(Data for the task)

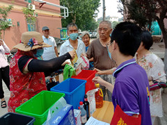 7月6日上午9点,槐村街社区68号院内,又出现了一群熟悉的紫衣青年,他们走街串巷,拿笔记分,社区居民环环围着他们,又满心欢喜。原来,这是社工们在开展垃圾分类的活动。为了让居民更加积极的参与到垃圾分类中来,社区内展开了积分兑换活动。如果您能正确的分类投放垃圾,便能按照次数获得相应的积分,通过积分多少也可以兑换相应的生活用品。垃圾也能扔出价值。
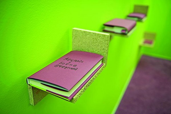 У Алевтины Кахидзе пространство одного из залов РАС превращено в диковинный мир, наполненный детскими грезами и фантастическими видениями. Нежно-зеленые стены и мягкий сиреневый ковер, лежащие тут и там книги Саймака, Ле Гуин, Лема, Стругацких отсылают к тому времени, когда девочка из Ждановки в Донбассе могла уйти от окружающей реальности только благодаря чтению научной фантастики. В этом идиллическом придуманном мире расположен и уголок посвящения Цаголову — подиум с фотографией и телекартинкой, которая эту фотографию повторяет. Впрочем, без подсказки художницы узнать источник вдохновения в работе Цаголова было бы трудно, — так меняет общая атмосфера зала несколько жесткую интонацию его работ 1990‑х годов. Голос самой художницы постоянно звучит в зале, она читает разные фрагменты текстов — реалистичных, но и невероятных одновременно, жизненных и в то же время как будто придуманных гениальным фантастом.
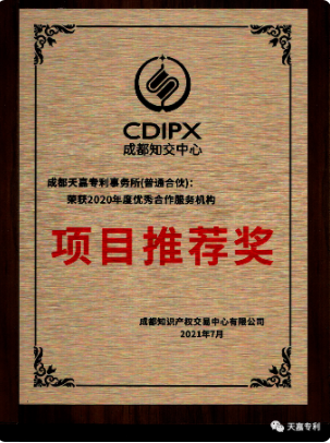 ——成都天嘉专利事务所荣获“2020年度优秀服务机构——项目推荐奖”
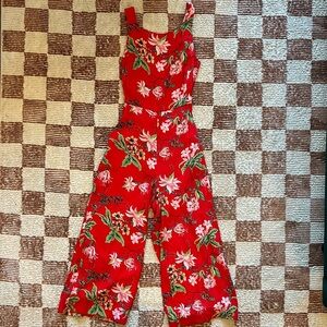 Aritzia Wilfred Écoulement Sleeveless Jumpsuit Red Floral Cut Out Tie Open Back
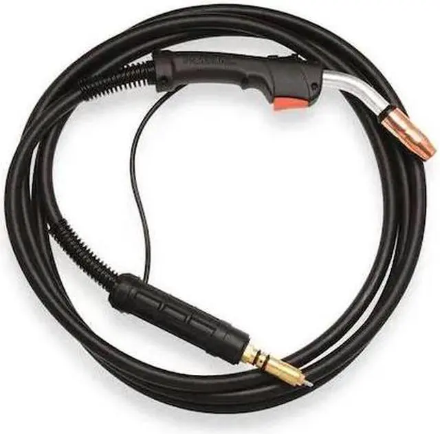 MIG Gun, MIG Gun Type Air-Cooled, Cooling Method Air-Cooled, Series H200L4, Maximum Current 200 A, Duty Cycle 60 Percent, For Gas Type CO2 (Carbon Dioxide), Mixed Gas, Maximum Wire Diameter 0.035 in, Cable Length 15 ft, For Rear Connection Type Hobart-Compatible, Handle Type Straight, Trigger Type Standard, For Wire Type Flux-Cored, Solid, Model 239173, Tip Series M-Series, Welding Processes Flux-Cored Welding (FCAW), MIG Welding (GMAW), Application MIG Welding. This item has been restricted from sale in the following state (s): []
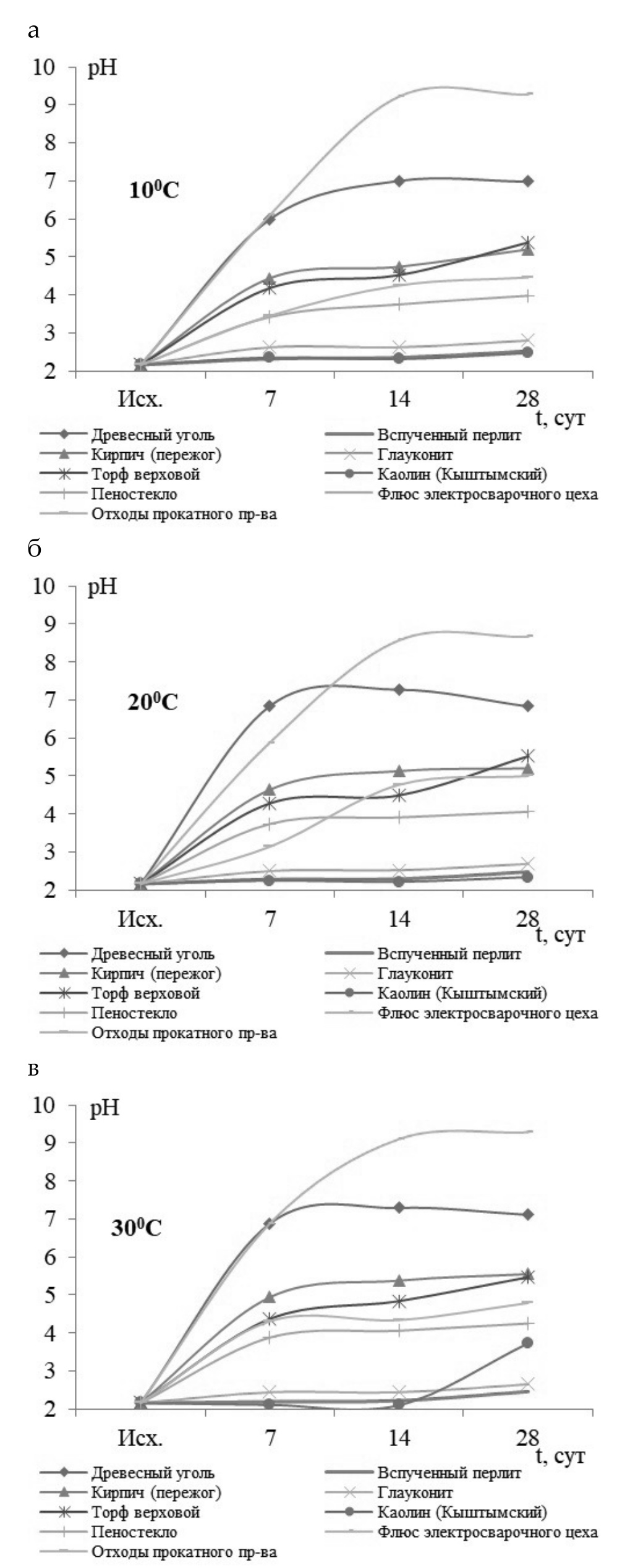 Данные на рисунках показывают, что при использовании в качестве сорбентов каолина, вспученного перлита, глауконита водородный показатель системы не изменяется и находится в сильно кислой области. Верховой торф, кирпич (пережог), пеностекло и отходы прокатного производства при взаимодействии со сточной водой в течение 7 сут повышают водородный показатель системы до 3,8–4,8. Вода после очистки имеет кислую и слабокислую реакцию. Древесный уголь и флюс электросварочного цеха одновременно с сорбцией тяжёлых металлов нейтрализуют сточную воду. Через 7 сут водородный показатель в этих системах имеет значение 6 при температуре 10 °С и увеличивается до 6,84 при температуре 30 °С, что соответствует нейтральной среде.
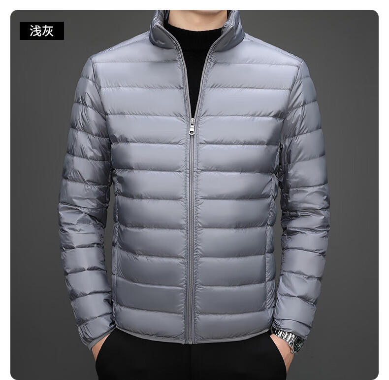 真维斯(Jeanswest)羽绒服男2025春秋新款高端立领商务休闲男士保暖外套上衣 YR911灰色 4XL
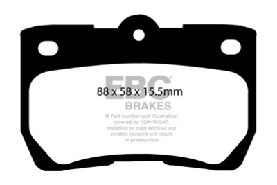 This is a truly impressive fast road pad for repeated heavy braking. It emits far less dust than semi-metallic pads and has been proven to stop a passenger car/sedan/sport compact/hot hatch 13 meters quicker than Original Manufacturer pads from 100mph/160kph. Features EBC Brake-In surface coating which conditions rotor surface and accelerates pad bed-in. Nominal friction coefficient 0.5 with approx. 50-percent dust reduction. Most EBC Red Ceramic pads are approved to ECE R90 brake safety regulation.
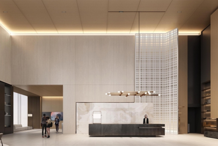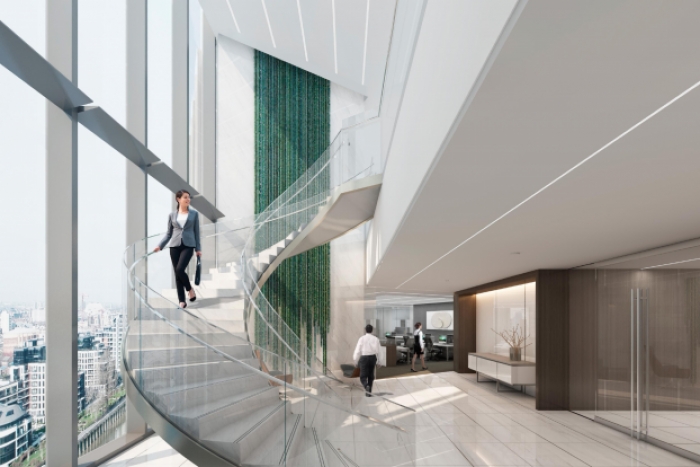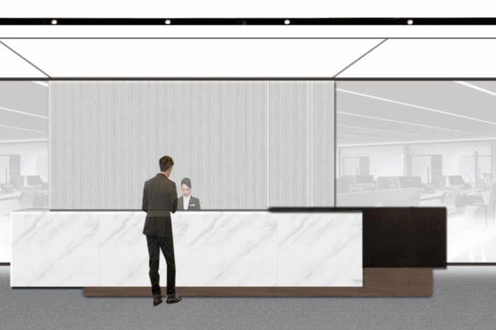 该办公楼装修设计中,接待大厅设计尤其重要,首先设计师根据企业需求和空间大小,合理规划空间布局,确保功能区域的设置既美观又实用;选用高品质的装饰材料,如大理石、高档涂料和精致的吊灯等,以提升整体质感;提供舒适的座椅、茶几和咨询台等家具,确保来访者的舒适度和满意度;采用柔和、自然的照明设计,营造舒适的接待环境。同时,设置适...
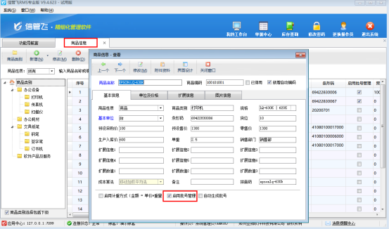 首先需要在基礎資料商品信息中勾選“啟用批號管理”,如下圖所示:

(End Data for the task)

_Your instructions_:
Reproduce exactly the lines above that run from the one with "MIG Gun, MIG" to the one with "真维斯(Jeanswest)羽绒服男2025春秋新款高端立领商务休闲男士保暖外套上衣 YR911灰色 4XL", both included, leaving pictures out.

_Task answer_:
 MIG Gun, MIG Gun Type Air-Cooled, Cooling Method Air-Cooled, Series H200L4, Maximum Current 200 A, Duty Cycle 60 Percent, For Gas Type CO2 (Carbon Dioxide), Mixed Gas, Maximum Wire Diameter 0.035 in, Cable Length 15 ft, For Rear Connection Type Hobart-Compatible, Handle Type Straight, Trigger Type Standard, For Wire Type Flux-Cored, Solid, Model 239173, Tip Series M-Series, Welding Processes Flux-Cored Welding (FCAW), MIG Welding (GMAW), Application MIG Welding. This item has been restricted from sale in the following state (s): []
 Данные на рисунках показывают, что при использовании в качестве сорбентов каолина, вспученного перлита, глауконита водородный показатель системы не изменяется и находится в сильно кислой области. Верховой торф, кирпич (пережог), пеностекло и отходы прокатного производства при взаимодействии со сточной водой в течение 7 сут повышают водородный показатель системы до 3,8–4,8. Вода после очистки имеет кислую и слабокислую реакцию. Древесный уголь и флюс электросварочного цеха одновременно с сорбцией тяжёлых металлов нейтрализуют сточную воду. Через 7 сут водородный показатель в этих системах имеет значение 6 при температуре 10 °С и увеличивается до 6,84 при температуре 30 °С, что соответствует нейтральной среде.
 真维斯(Jeanswest)羽绒服男2025春秋新款高端立领商务休闲男士保暖外套上衣 YR911灰色 4XL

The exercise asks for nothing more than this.